Re: [PATCH v6 10/13] convert: generate large test files only once

Jeff King <peff@xxxxxxxx> · Tue, 30 Aug 2016 12:37:49 -0400

On Tue, Aug 30, 2016 at 01:41:59PM +0200, Lars Schneider wrote:

> >> +	git checkout -- test test.t test.i &&
> >> +
> >> +	mkdir generated-test-data &&
> >> +	for i in $(test_seq 1 $T0021_LARGE_FILE_SIZE)
> >> +	do
> >> +		RANDOM_STRING="$(test-genrandom end $i | tr -dc "A-Za-z0-9" )"
> >> +		ROT_RANDOM_STRING="$(echo $RANDOM_STRING | ./rot13.sh )"
> > 
> > In earlier iteration of loop with lower $i, what guarantees that
> > some bytes survive "tr -dc"?
> 
> Nothing really, good catch! The seed "end" produces as first character always a 
> "S" which would survive "tr -dc". However, that is clunky. I will always set "1"
> as first character in $RANDOM_STRING to mitigate the problem.

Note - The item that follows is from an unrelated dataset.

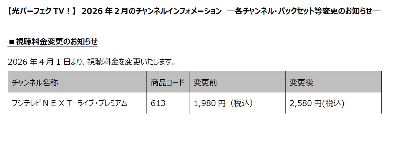 【プレミアムサービス光】2026年2月のチャンネルインフォメーション ―各チャンネル・パックセット等変更のお知らせ―

It seems odd that you would generate a larger set of random bytes and
then throw most of them away (about 1 in 5, on average). So you don't
actually know how long your inputs are, and you're wasting time
generating bytes which are discarded.

The goal looks like it is just to clean up the string to only-ASCII
characters. Perhaps converting to to base64 or hex would be conceptually
simpler? Like:

  test-genrandom ... |
  perl -pe 's/./hex(ord($&))/sge'

> > I do not quite get the point of this complexity.  You are using
> > exactly the same seed "end" every time, so in the first round you
> > have 1M of SP, letter '1', letter 'S' (from the genrandom), then
> > in the second round you have 1M of SP, letter '1', letter 'S' and
> > letter 'p' (the last two from the genrandom), and go on.  Is it
> > significant for the purpose of your test that the cruft inserted
> > between the repetition of 1M of SP gets longer by one byte but they
> > all share the same prefix (e.g. "1S", "1Sp", "1SpZ", "1SpZT",
> > ... are what you insert between a large run of spaces)?
> 
> The pktline packets have a constant size. If the cruft between 1M of SP 
> has a constant size as well then the generated packets for the test data
> would repeat themselves. That's why I increased the length after every 1M
> of SP.
> 
> However, I realized that this test complexity is not necessary. I'll
> simplify it in the next round.

I was also confused by this, and wondered if other patterns (perhaps
using a single longer genrandom) might be applicable. Simplification (or
explanation in comments about what properties the content _needs_ to
have) would be welcome. :)

-Peff